Monitoring will be performed by the monitoring coordinator at the coordinating centre. During monitoring, CRFs will be compared with evidentiary documentation, and participants’ safety data will be reviewed to verify the completeness of safety and research data. The monitoring will be conducted once every 2 months at two sites. The Trial Steering Group will meet to review conduct throughout the trial period once every 2 months. The Data Monitoring Committee was not organised as no severe AE regarding HPP or PT previously reported are expected to occur. The interim analysis will not be done in this study.

The principal investigator will decide the termination of the study; at any time during the trial period, if a participant is exposed to clear, unexpected risk or unacceptable risk, or if at least 25% of all participants experience severe AEs thought to be related to JHG002, the trial can be terminated. Severe AEs that might justify terminating the trial include local infection and severe progressive neurological deficits [41, 42].

In the event of direct harm related to this study, participants will receive the appropriate medical treatment as determined by a subinvestigator and will be compensated according to the terms of the trial insurance, which will be designated beforehand.

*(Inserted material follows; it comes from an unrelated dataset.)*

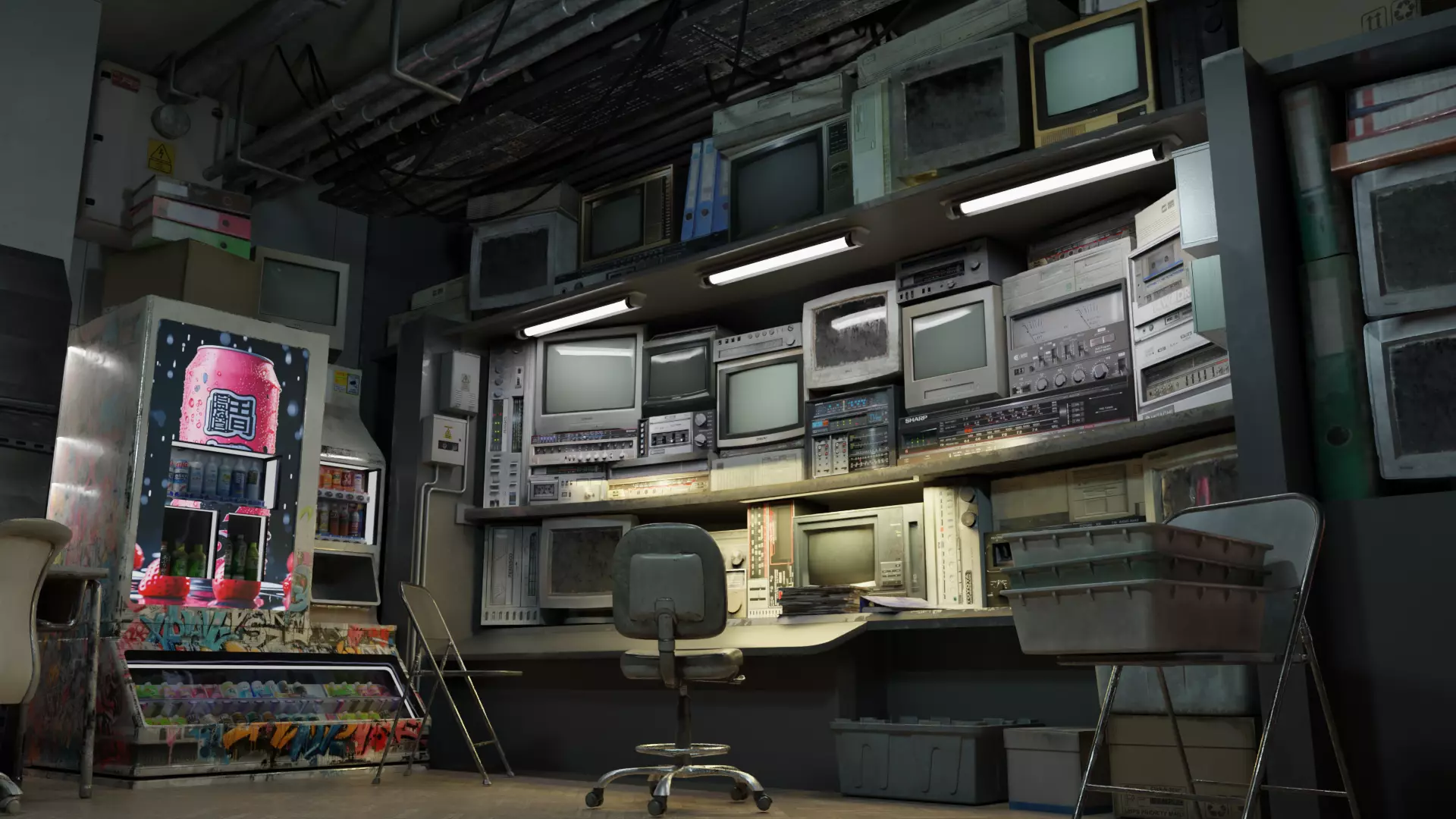 Step into a detailed and atmospheric retro-futuristic workshop, perfectly designed for Blender users. This environment captures the essence of a cluttered, cyberpunk repair shop or hideout, featuring vintage CRT monitors, vending machines, and industrial elements. Ideal for concept art, cinematic renders, or storytelling projects.

The results of this trial will be registered on clinicaltrials.​gov and CRIS, and will be published in an academic journal. After the publication of this article, important changes to the study protocol and any other changes will be updated regularly on the trial registration site.

The current protocol is version 2.3 (2 February 2020). First participant was enrolled on 17 October, 2019. We anticipate that the recruitment will be completed by October 2020.